Based on the blasting (4 times) vibration data collected from the S5#S stope, the middle section of SH-455m, a south China lead-zinc mine, the HHT method has been used to analyze the blasting vibration waves in terms of time-frequency and energy characteristics. The following conclusions can be drawn:(1)The marginal spectrum shows that the accumulative amplitude is relatively great in the frequency domain of less than 10 Hz. In this domain, the maximum amplitude is 1043 mm/s. The fact that most of the signal energy is concentrated in this frequency domain indicates a direction to which the frequency tends to develop when explosion initiates.(2)Most of the blasting vibration frequencies are concentrated within the range of 0∼200 Hz. This range takes up over 90% of the total energy. Additionally, in this range, half of the total energy is taken up by the 0∼50 Hz frequency band, demonstrating that the 0∼50 Hz frequency band is the dominant frequency band.(3)The calculated initiation instant of time of the detonators by recognition of the instantaneous energy spectrum agrees well with the measured results, demonstrating the feasibility of using this method in recognizing delay blasting.

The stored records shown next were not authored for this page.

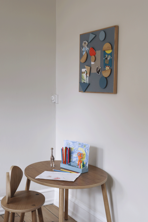 The Noticeboard has a frame made of high-quality solid ash with a magnetic plate covered with a beautiful graphical print on cotton canvas. The magnets are made in ash with rounded edges and come in douche colours (non-toxic paint). Together it combines a modern look with a timeless design that allows it to integrate seamlessly anywhere in the home.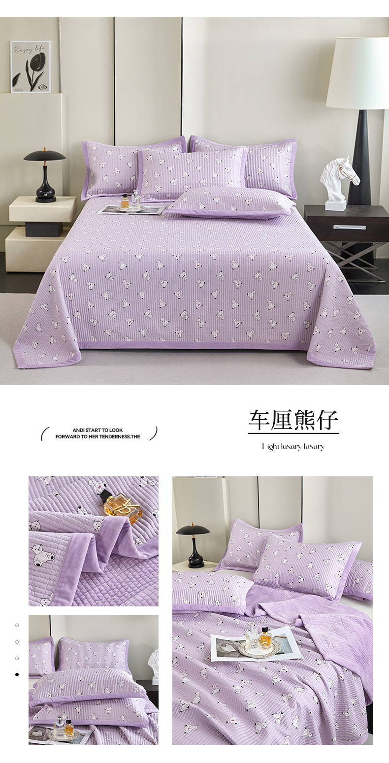莎果家纺 2025秋冬一面天丝一面绒高温砂洗床盖三件套 车厘熊仔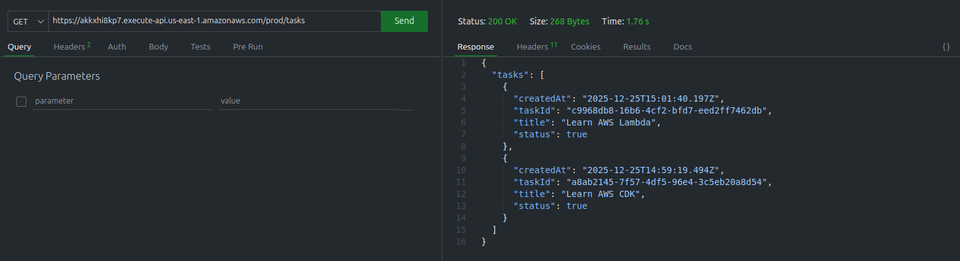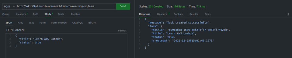 PutCommand): We send thetaskItemobject to the DynamoDB table. This is the actual write operation. - API response: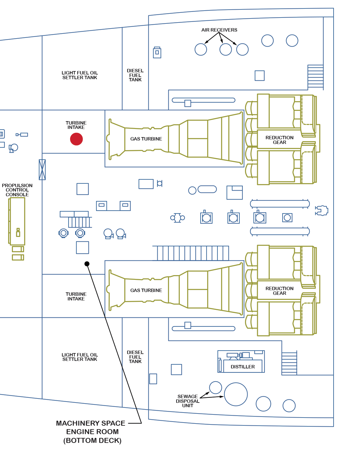 Interior view of the port engine intake compartment. This space is adjacent to the aft end of the engine compartment. Initial view is looking forward into the engine intake. The screened wall prevents debris from being ingested into the turbine blades.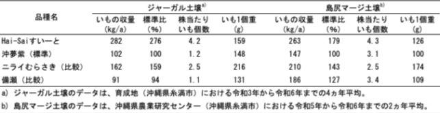 - 春植え栽培における収量は、「沖夢紫」や「備瀬」と比較して多収です。また、「ニライむらさき」で見られるような土壌型による収量の変動が「Hai-Saiすいーと」では小さく、ジャーガル土壌、島尻マージ土壌ともに多収となり土壌型を選びません。また、いも1個重は平均150g前後と、焼きいもに適したサイズです(表2)。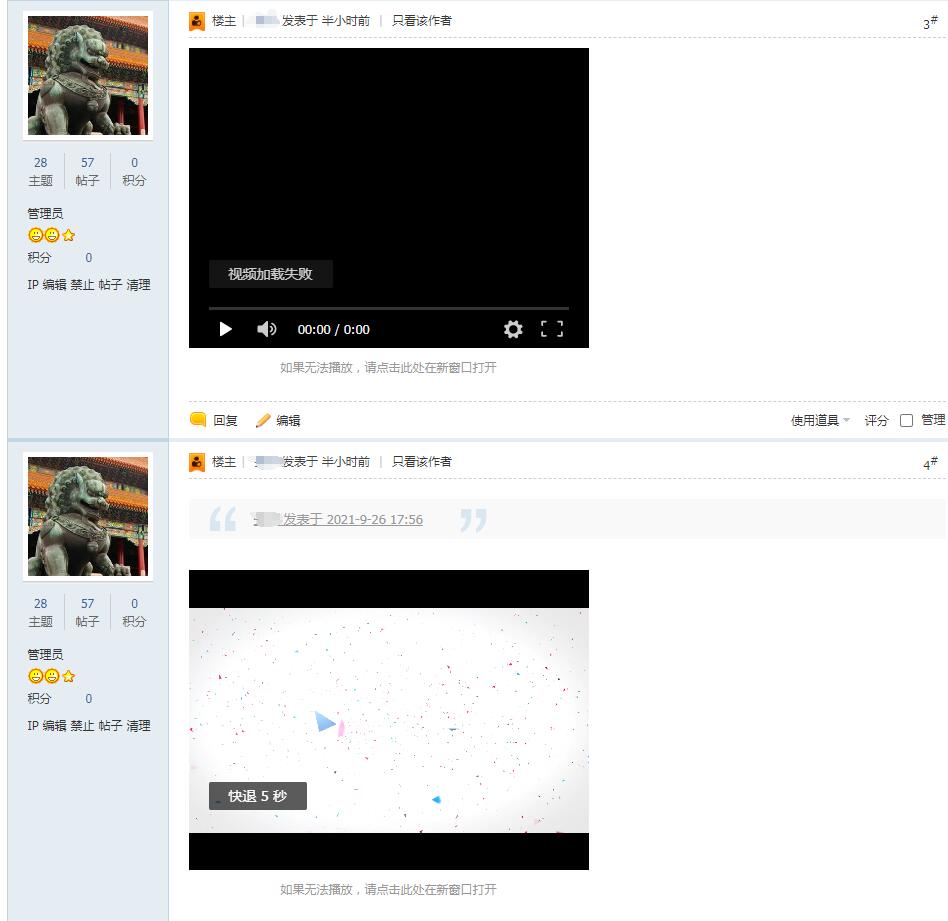 免費版帶本地上傳播放MP4視頻 應(yīng)該可以解決你遇到的問題 你可以試試:https://addon.dismall.com/plugins/apoyl_video.html 當(dāng)然特大的視頻不建議本地化,推薦使用 直傳騰訊云點播視頻:https://addon.dismall.com/plugins/apoyl_tencentvideo.html |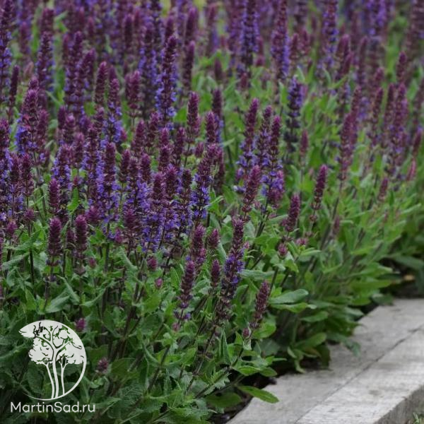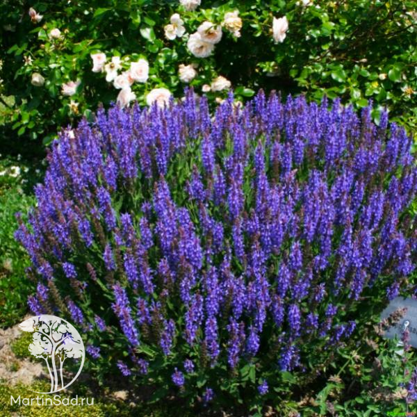 Шалфей (сальвия) дубравный Блаухугель - травянистый кустарник высотой до 70 см, шириной до 50 см. Цветение обильное с июня по июль. Растет быстро, соцветия колосовидные, длинные, синие. Листья ароматные, серовато-зеленые. Считается одним из самых неприхотливых холодостойких представителей рода. Шалфей используется в ландшафтном дизайне при оформлении парковых и прибрежных зон, садовых участков. Хорошо смотрится как в одиночных, так и групповых посадках (сочетается с низкорослыми кустарниками, хвойными деревьями, розаами). Используется в кулинарии и косметологии, при создании медицинских препаратов, эфирных масел. Шалфей дубравный Блаухугель - невысокий сорт с синими цветками. Шалфей дубравный Блаухугель - многолетнее красивоцветущее растение. Растение хорошо переносит временные заморозки, устойчиво к засухе. Место для посадки лучше всего выбирать солнечное. Шалфей любит слабощелочные или нейтральные почвы. Прекрасный медонос. Зона морозостойкости (зимостойкость) 4 (до -34С).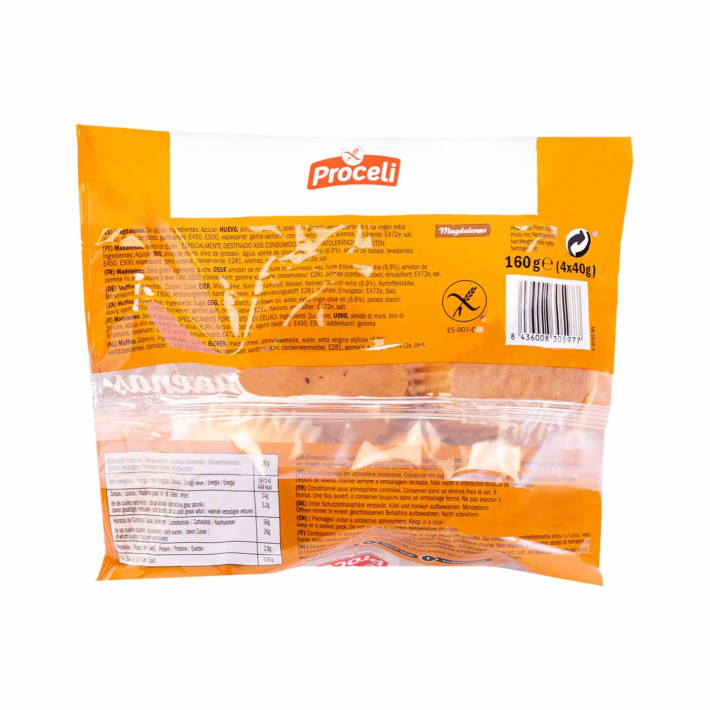 Magdalenas sin Gluten 160g (4x40g) Proceli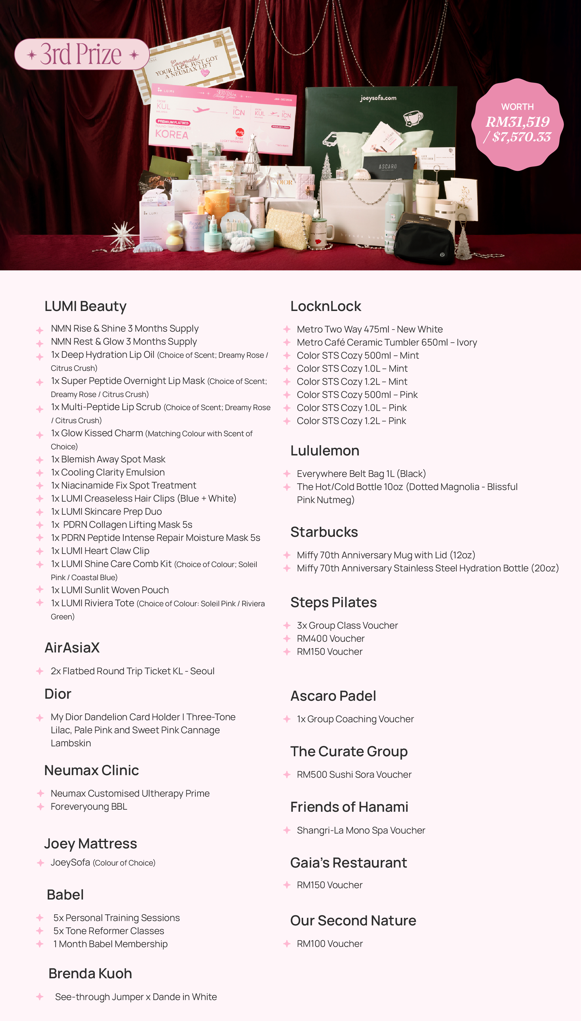 - Step Pilates: 1x Group Class Voucher & 2x RM150 Voucher

Also, good resolution and excellent recognition capability are validated for the HHT method in signal processing.

Conflicts of Interest

The authors declare that there are no conflicts of interest regarding the publication of this paper.

Acknowledgments

This research work was funded by Open Research Fund Program of Hunan Province Key Laboratory of Safe Mining Techniques of Coal Mines (Hunan University of Science and Technology, Grant no. 201505), National Natural Science Foundation of China (Grant nos. 51004007 and 51774107), the Open Program of State Key Laboratory of Explosion Science and Technology (Beijing Institute of Technology, KFJJ17-12M), the Fundamental Research Funds for the Hefei Key Project Construction Administration (2013CGAZ0771), and the Fundamental Research Funds of the Housing and Construction Department of Anhui Province (2013YF-27).